* **What to produce**
The required output is the exact run of lines in the listing below from the line holding "Sedan 2 portes." through the line holding "PLS-DA analysis of", with no pictures.

*** Data extracts Section Begins ***

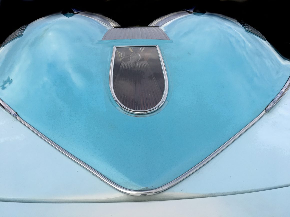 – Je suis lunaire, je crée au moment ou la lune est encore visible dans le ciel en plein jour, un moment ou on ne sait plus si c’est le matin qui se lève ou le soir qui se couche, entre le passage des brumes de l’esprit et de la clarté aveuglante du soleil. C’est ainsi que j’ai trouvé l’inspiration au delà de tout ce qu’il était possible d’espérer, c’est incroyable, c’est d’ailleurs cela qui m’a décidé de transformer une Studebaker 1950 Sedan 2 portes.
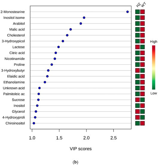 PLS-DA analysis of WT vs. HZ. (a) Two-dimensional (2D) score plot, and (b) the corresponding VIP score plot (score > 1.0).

*** Data extracts Section Ends ***
*** Data extracts Section Begins ***

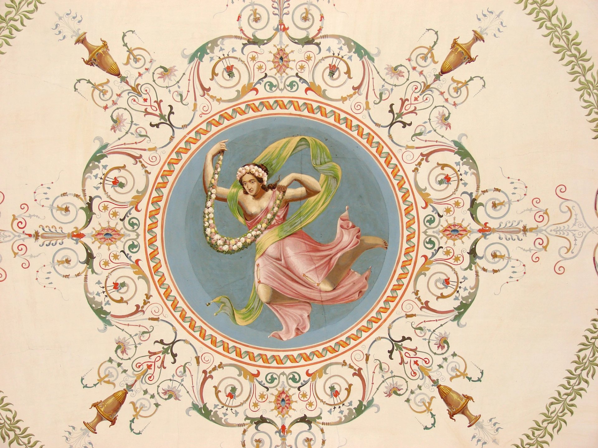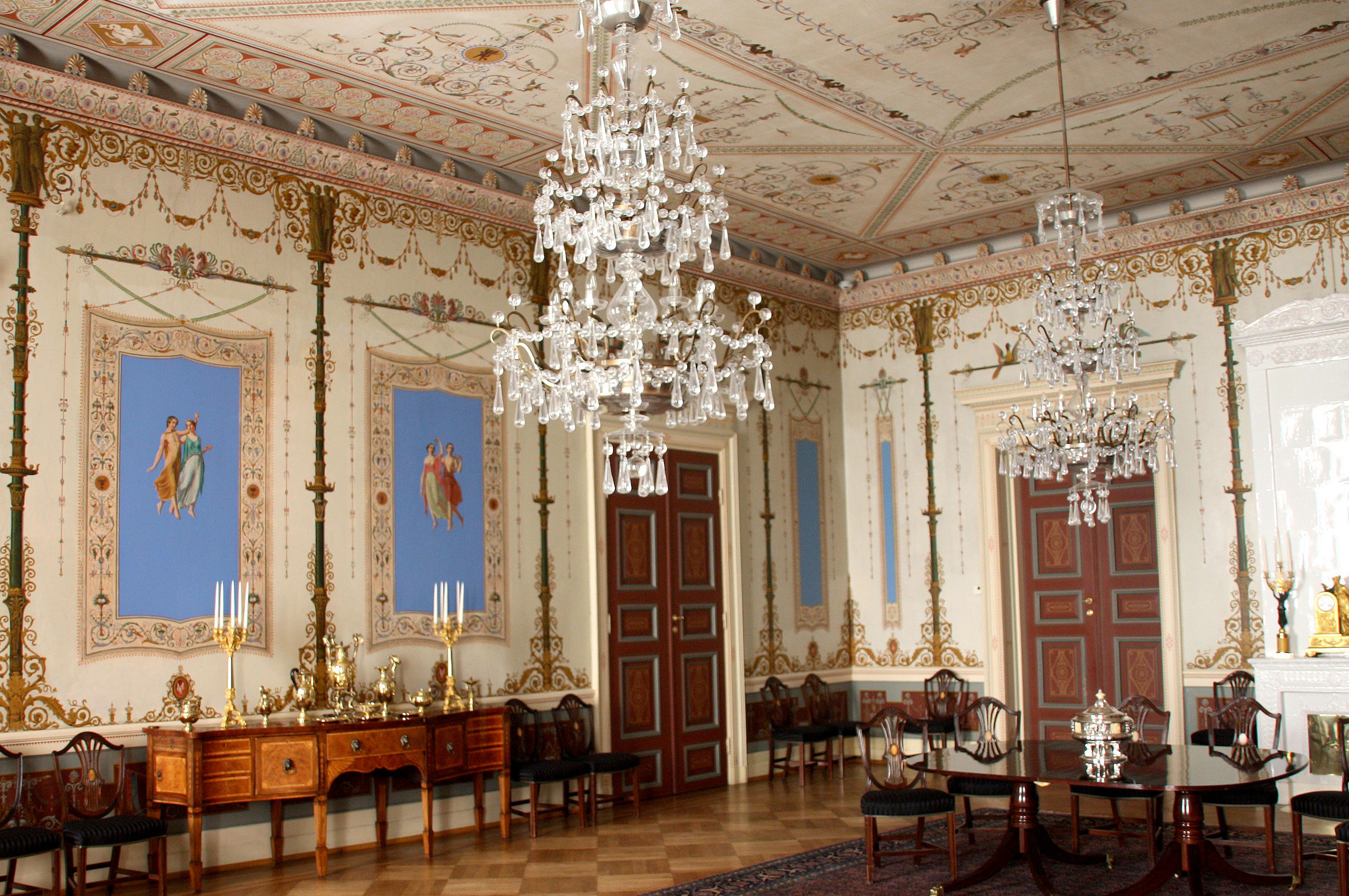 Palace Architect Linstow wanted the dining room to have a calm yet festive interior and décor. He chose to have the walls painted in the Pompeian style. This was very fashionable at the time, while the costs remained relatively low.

*** Data extracts Section Ends ***
*** Data extracts Section Begins ***

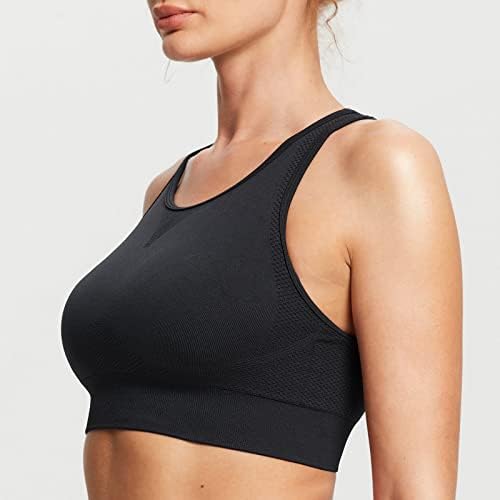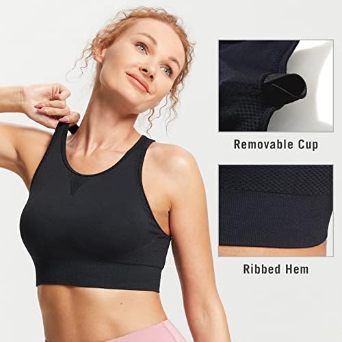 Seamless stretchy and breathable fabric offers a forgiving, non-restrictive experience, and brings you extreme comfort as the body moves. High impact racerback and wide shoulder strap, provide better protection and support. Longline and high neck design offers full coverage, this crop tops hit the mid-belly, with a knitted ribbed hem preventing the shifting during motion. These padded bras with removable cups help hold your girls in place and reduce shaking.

*** Data extracts Section Ends ***

* **Solution for this exercise**
 – Je suis lunaire, je crée au moment ou la lune est encore visible dans le ciel en plein jour, un moment ou on ne sait plus si c’est le matin qui se lève ou le soir qui se couche, entre le passage des brumes de l’esprit et de la clarté aveuglante du soleil. C’est ainsi que j’ai trouvé l’inspiration au delà de tout ce qu’il était possible d’espérer, c’est incroyable, c’est d’ailleurs cela qui m’a décidé de transformer une Studebaker 1950 Sedan 2 portes.
 PLS-DA analysis of WT vs. HZ. (a) Two-dimensional (2D) score plot, and (b) the corresponding VIP score plot (score > 1.0).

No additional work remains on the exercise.